To act fairly when dismissing employees, it is vital that the focus remains on the treatment of the specific allegations that are being pursued. If these key allegations are handled carefully, then surrounding circumstances or incidental problems will not necessarily render the dismissal unfair.
In Alom v Financial Conduct Authority [2025] the claimant faced numerous allegations; however, the only two allegations pursued regarded two emails that the claimant had sent.
The claimant was dismissed for misconduct after being found to be the author of an anonymous, inappropriate email sent to a female colleague, which amounted to an act of harassment. In addition, the claimant was also found to have sent a second email to his colleague’s manager, which referenced findings from a separate investigation and amounted to a breach of confidence.
Whilst it was these two incidents that were the pursued by the employer and were ultimately the reason for the claimant’s dismissal, the investigation which preceded the disciplinary hearing considered other allegations relating to the harassment of his colleague.
The claimant was dismissed by the FCA for gross misconduct and brought claims of unfair dismissal, direct discrimination and harassment related to race, and victimisation against his employer to the employment tribunal (ET). The claimant’s complaints were all dismissed by the ET, which found that the ultimate reason for his dismissal was his conduct. This led to the claimant appealing to the Employment Appeal Tribunal (EAT) on the basis that his dismissal should have been found to be procedurally unfair. These complaints of procedural unfairness related not only to the e-mails at the heart of the disciplinary case, but also to wider aspects of the initial investigation. He also argued that the employment tribunal’s nine-month delay in sending out the judgement was excessive.
The claimant’s appeal was dismissed by the EAT which found that his dismissal was not procedurally unfair. The EAT highlighted the following points:
- The claimant was not provided with the complainant’s investigation interview transcripts, which the claimant argued meant the dismissal was unfair. The EAT dismissed this point as the disciplinary charges only related to the two emails the claimant sent, both of which he had seen. He understood the case against him and had received a copy of the final investigation report, which explained why he was believed to have sent the offending e-mails.
- The claimant also argued that the script used for the disciplinary hearing was prejudged. The EAT found that the script prepared by HR for the disciplinary hearing did not mean that the decision was pre-judged because no specific outcome was hypothesized and the manager that conducted the hearing reached his own conclusion. The script set out an agenda, running order and a list of points to be discussed, but did not steer the manager hearing the disciplinary case to any particular decision.

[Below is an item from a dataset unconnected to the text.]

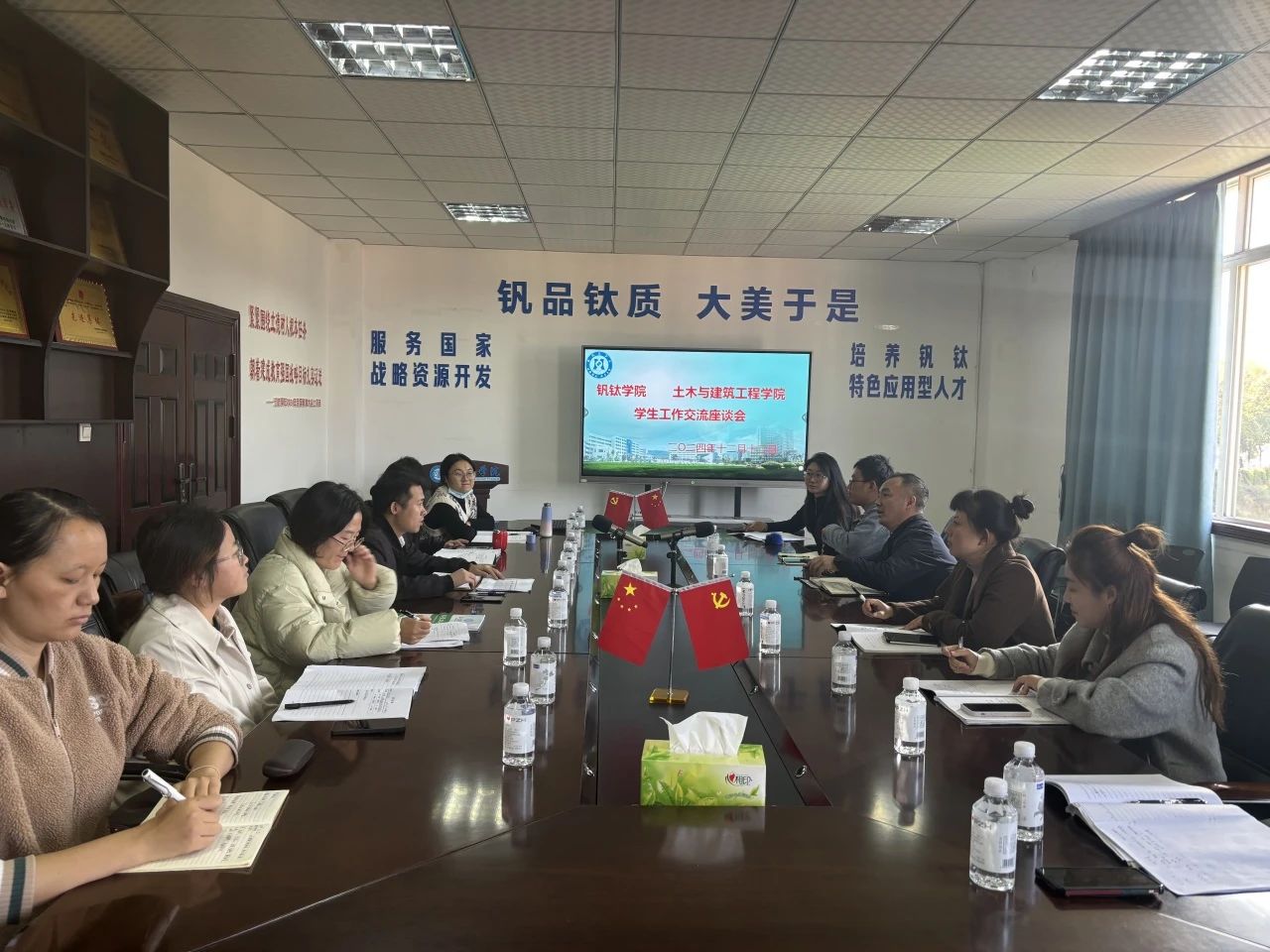 为提升辅导员思想政治教育工作水平,促进辅导员队伍向专业化、职业化、精细化迈进。12 月 12 日,伟德国际1949始于英国与土木与建筑工程公司于砺志楼 303 会议室成功举办员工工作交流座谈会。此次座谈会围绕辅导员队伍建设、员工管理、学风建设、人才招聘、学科竞赛、辅导员工作室建设等多个议题展开深入探讨,旨在提升员工工作质量,应对当前教育管理中的挑战。参会人员有钒钛公司党委副书记、纪委书记蒲洪,员工科5位辅导员老师,土木与建筑工程公司党委副书记、纪委书记付建,员工科长王宁军,员工科5位辅导员老师。
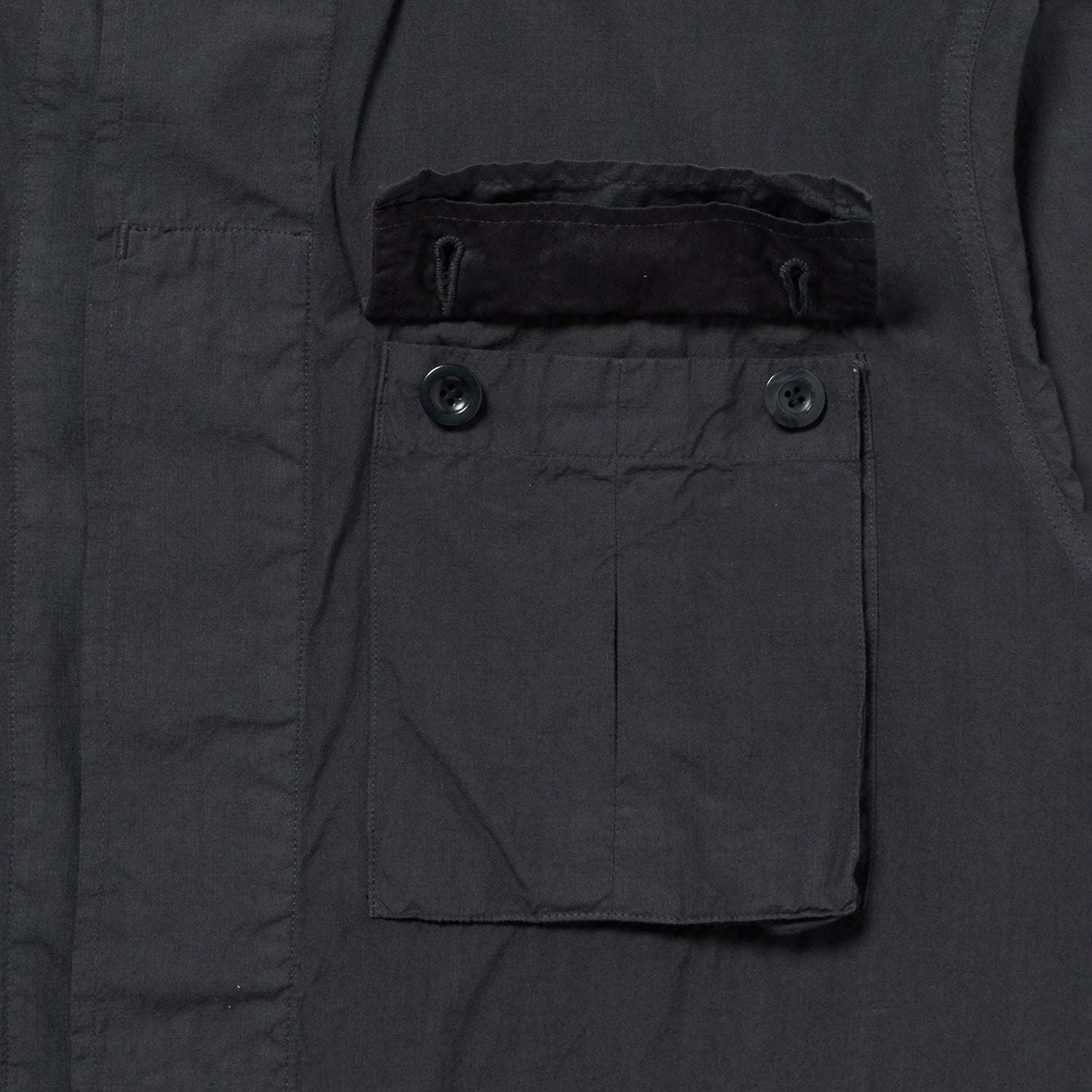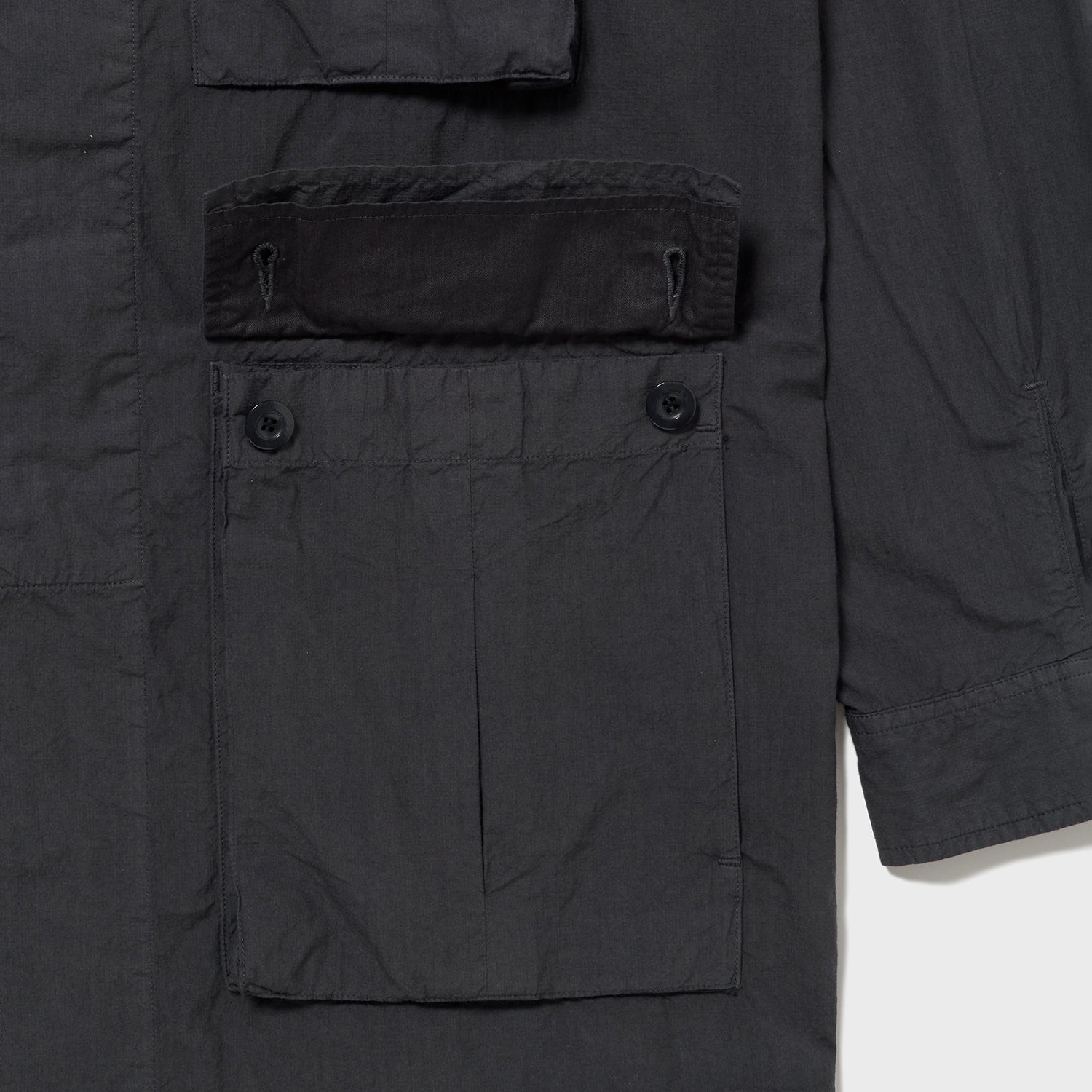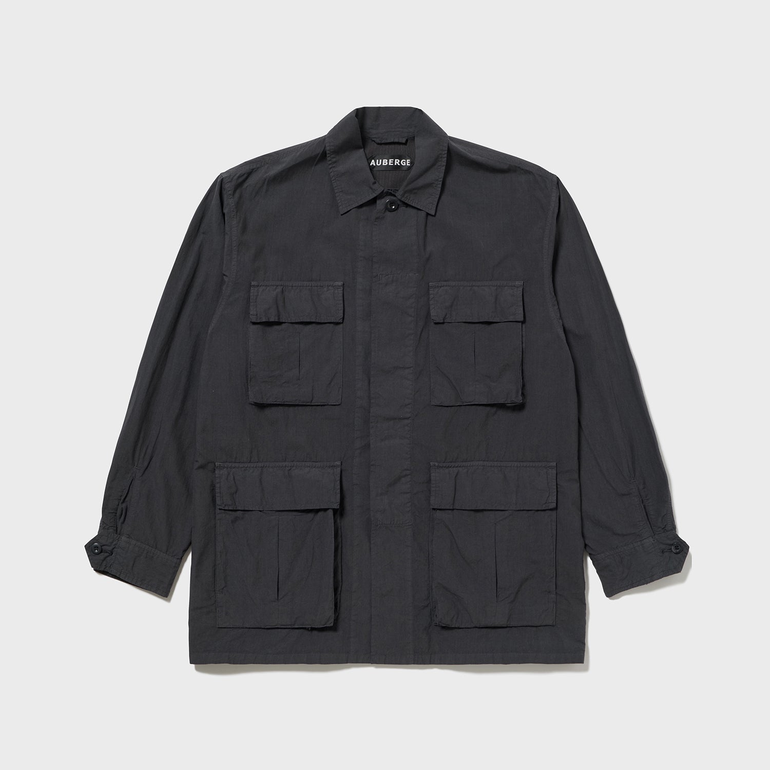 当初のイメージでは、ベトナム戦争期のジャングルファティーグがマッチすると考えましたが、輩感が強めに出るため、今回はカラー・デザインともに少しナイーブなシャツ生地で作ったライトミリタリーを目指し、80年代の海兵隊4パッチJKに仕立てました。

- Whilst a search of the claimant’s work computer, in the initial investigation, may potentially have breached his Article 8 right to privacy under the ECHR, the employer did not use the findings from that search to help support the reason to dismiss the claimant. This meant that the search was therefore not relevant to the fairness of the dismissal.

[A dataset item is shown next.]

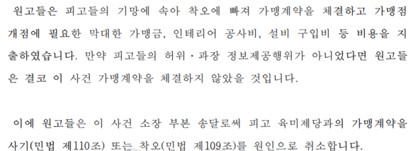 원고 측은 이 같은 사정을 종합할 때 계약 체결의 전제가 된 사실관계가 허위 또는 과장된 정보에 기반했으므로 가맹계약은 취소돼야 하며, 이에 따른 가맹점주들의 손해를 가맹본부가 배상해야 한다고 주장하고 있다.
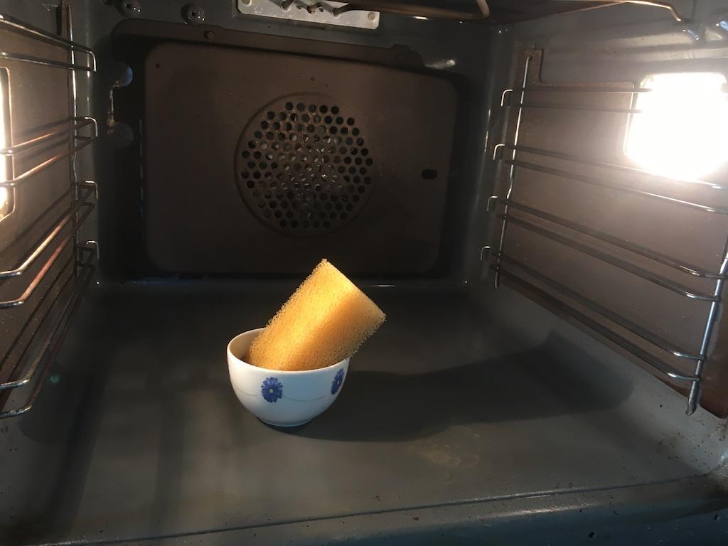 Natron bildet zusammen mit dem Wasser eine basische Lösung. So verleiht das weisse Pulver nicht nur Laugenbrötchen eine feine Kruste, sondern kann auch Fett und Eiweiss lösen. Je nach Quelle gibt man noch einen Teelöffel Salz bei. Der dürfte sich im wenigen Wasser kaum lösen und daher einen Peeling-Effekt haben. Die Mischung im Ofen verteilen, Türe zu und je nach Verschmutzungsgrad zwischen einer halben und zwei Stunden einwirken lassen. Dann mit einem Lappen abwaschen.

- Finally, while the EAT agreed that the ET’s nine-month delay in sending out the judgement was excessive, there was no suggestion that the Claimant had not received a fair outcome or fair consideration of his complaints. This is always a highly fact-specific assessment, taking into account the overall content and context of the decision. In this case, while the ET’s decision was delayed, it was thorough and well-reasoned, and the claimant’s complaint had been fully considered.
Comment
When looking to dismiss employees, this case is a reminder that whilst an employee may have numerous allegations against them, only those which are relied upon as a reason for dismissal will be relevant when a tribunal is deciding whether an employee’s dismissal is unfair. Whilst following a fair procedure is still a very important requirement, ‘satellite’ errors and problems which do not relate to allegations specifically pursued should not be relevant to the tribunal’s decision on fairness.
Also, When HR advisers are supporting and advising managers conducting disciplinary processes, both at an investigation stage and / or at a hearing, it is important that they do not overreach their support role and influence those responsible for the investigation and decision-making.
Where a script is provided by HR to provide structure and focus in a disciplinary hearing, it is important that managers feel empowered to go ‘off script’ if they need to and are able to confidently explain to an employment tribunal how and why they reached a particular decision. Any suggestion that the disciplinary manager has decided to dismiss under pressure or direction from HR, or has followed a script very narrowly without fully understanding the issues, is likely to result in a finding of unfairness.